From mboxrd@z Thu Jan  1 00:00:00 1970
From: Mike Christie <michaelc@cs.wisc.edu>
Subject: Re: [PATCH] Check return value of fc_block_scsi_eh()
Date: Thu, 14 Oct 2010 14:02:47 -0500
Message-ID: <4CB753D7.6080608@cs.wisc.edu>
References: <20101013114228.96669354D8@ochil.suse.de> <4CB618A5.8030108@cs.wisc.edu> <4CB6A712.3090705@suse.de>
Mime-Version: 1.0
Content-Type: text/plain; charset=ISO-8859-1; format=flowed
Content-Transfer-Encoding: 7bit
Return-path: <linux-scsi-owner@vger.kernel.org>
Received: from sabe.cs.wisc.edu ([128.105.6.20]:34977 "EHLO sabe.cs.wisc.edu"
	rhost-flags-OK-OK-OK-OK) by vger.kernel.org with ESMTP
	id S1754528Ab0JNS4O (ORCPT <rfc822;linux-scsi@vger.kernel.org>);
	Thu, 14 Oct 2010 14:56:14 -0400
In-Reply-To: <4CB6A712.3090705@suse.de>
Sender: linux-scsi-owner@vger.kernel.org
List-Id: linux-scsi@vger.kernel.org
To: Hannes Reinecke <hare@suse.de>
Cc: James Bottomley <James.Bottomley@suse.de>, linux-scsi@vger.kernel.org

On 10/14/2010 01:45 AM, Hannes Reinecke wrote:
> Mike Christie wrote:
>> On 10/13/2010 06:42 AM, Hannes Reinecke wrote:
>>>
>>> fc_block_scsi_eh() might return with status FAST_IO_FAIL
>>> indicating I/O has been terminated due to fast_io_fail timeout.
>>> In this case the rport is still blocked, so any error recovery
>>> will be failing on this port.
>>> Hence each driver needs to check if the return value from
>>> fc_block_scsi_eh() is something other than SUCCESS, in which
>>> case it should just return with that status.
>>> And we need to update the error handler to deal with a
>>> status of FAST_IO_FAIL, too.
>>> And fc_block_scsi_eh() should return SUCCESS on success,
>>> not 0. Otherwise the calling routine will become confused
>>> when reusing that value.
>>>
>>
>> Is this patch supposed to fix the problem I described or is there more
>> patches to follow or do you think I am being too paranoid?
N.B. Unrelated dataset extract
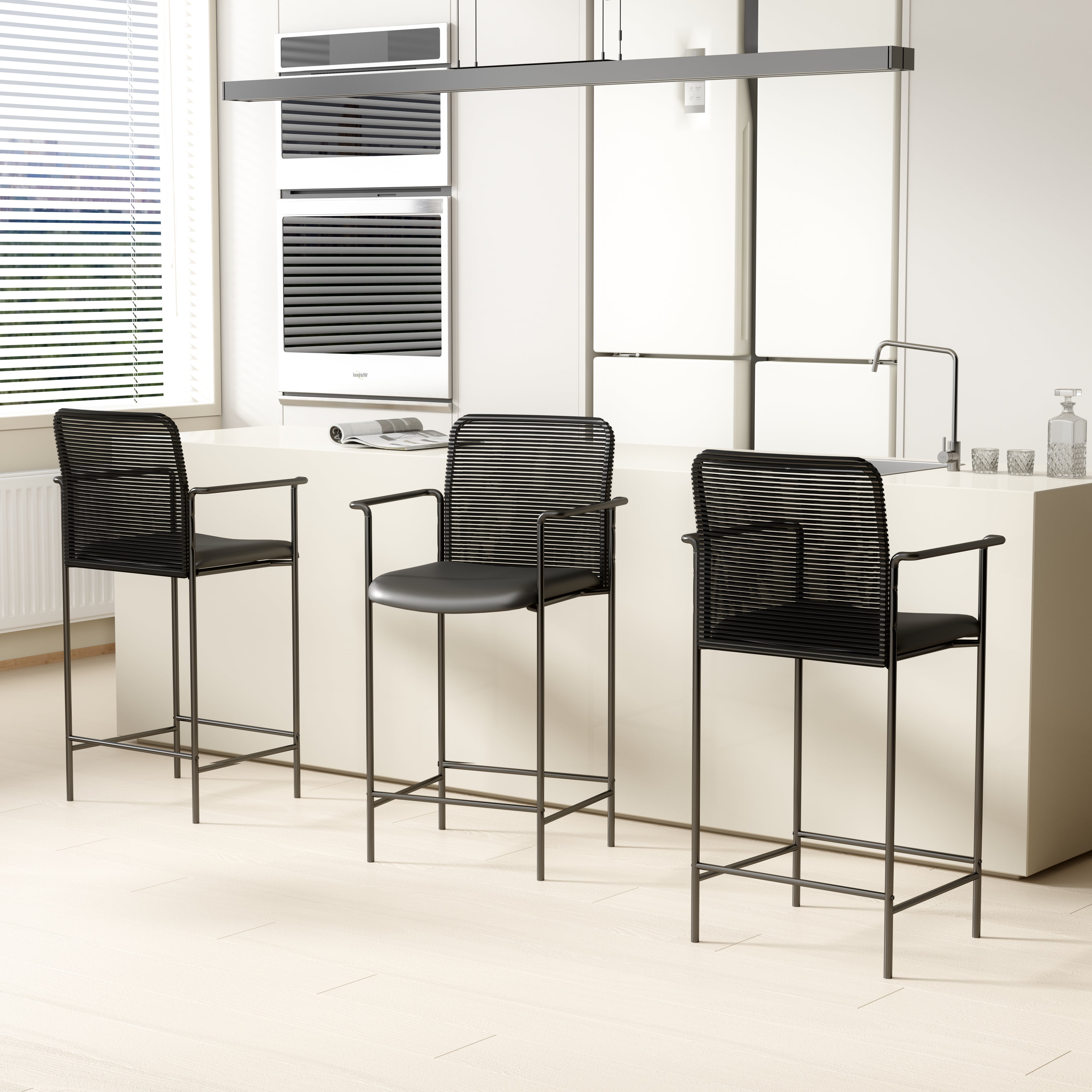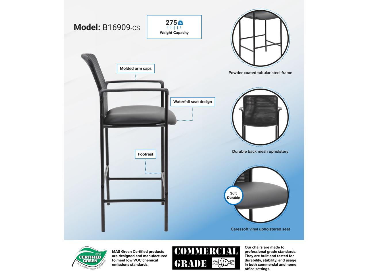 The slender and sleek Contemporary Mesh Back Stool in black is a versatile seat that can be utilized from a drafting stool to guest seating. It is made from sturdy mesh with a Caressoft material on the seat. Caressoft is an upholstery that looks & feels a lot like leather, but is far more durable and can be easily cleaned with a damp cloth. The stool has fixed arms and a 4 leg tubular base made from sturdy black steel which offers a 275 lbs. capacity. Features: Black powder coated tubular steel frames Molded arm caps Foot rest Designer tapered legs Waterfall seat to reduce stress on legs Seat upholstered with Caressoft vinyl Back upholstered in durable mesh Specifications: Weight Capacity: 275 Seat Dimensions: 18.5″ W x 18″ D Seat Height: 28.5″-35.5″h Product Dimensions: 24″W X 23.5″D X 42.5″H Product Weight: 17

It seems the
>> patch alone is going to make the problem worse in the drivers you are
>> speeding up failure in. In the drivers now checking fc_block_scsi_eh and
>> returning when fast io fail is returned then the scsi eh
>> scsi_eh_flush_done_q's scsi_finish_command/scsi_queue_insert processing
>> is going to get done faster and more likely to conflict with the
>> termiante_rport_io callback processing, right?
>
> No, this patch does _not_ fix the race you've described, it just
> fixes the problem of fc_block_scsi_eh() returning FAST_IO_FAIL,
> which screws the error handler in drivers not checking the return value.
> So it's partially covered by your patchset.
>
> However, in your patchset you're missing two issues:
> - The current implementation of fc_block_scsi_eh() return '0' on
>    success. This screws over drivers which re-uses this value;
>    check eg. lpfc_abort_handler(). So we should be returning
>    'SUCCESS' here.

Yeah, my patchset is actually backwards. I converted the other drivers 
to check for 0 (forgot to fix lpfc though). I think your patch patch 
where we return SUCCESS is better than what I was doing.


> - scsi_error needs to be fixed up to handle FAST_IO_FAIL.
>    Any of the functions called from scsi_abort_eh_cmnd() can return
>    FAST_IO_FAIL, in which case escalating to the next function
>    becomes pointless.

There is a problem with fnic (it is also a bug in my patches). If fnic's 
terminate_rport_io fails to abort the cmds, it is relying on the scsi eh 
callouts to clean things up. So if fc_scsi_block_eh returns non-success 
then we cannot return immediately from the callout. The drivers scsi eh 
callout may still need to clean up the command internally.

iSCSI/qla4xxx also needs to be changed to return SUCCESS instead of 
zero. Luckily there is only one driver using it so far.

>
> I guess it would make sense to merge these two patchsets, either
> having two patchsets (one for the FAST_IO_FAIL changes and one for
> the rport race) or indeed merge them both into one.
> I'm okay with either of it.
>

My patches for the race do not work though. When you replied to my 
thread I thought you mean you were going to fix that too :)

I have been thinking of how to fix the race. I will make my patches over 
yours since your return SUCCESS fix is better.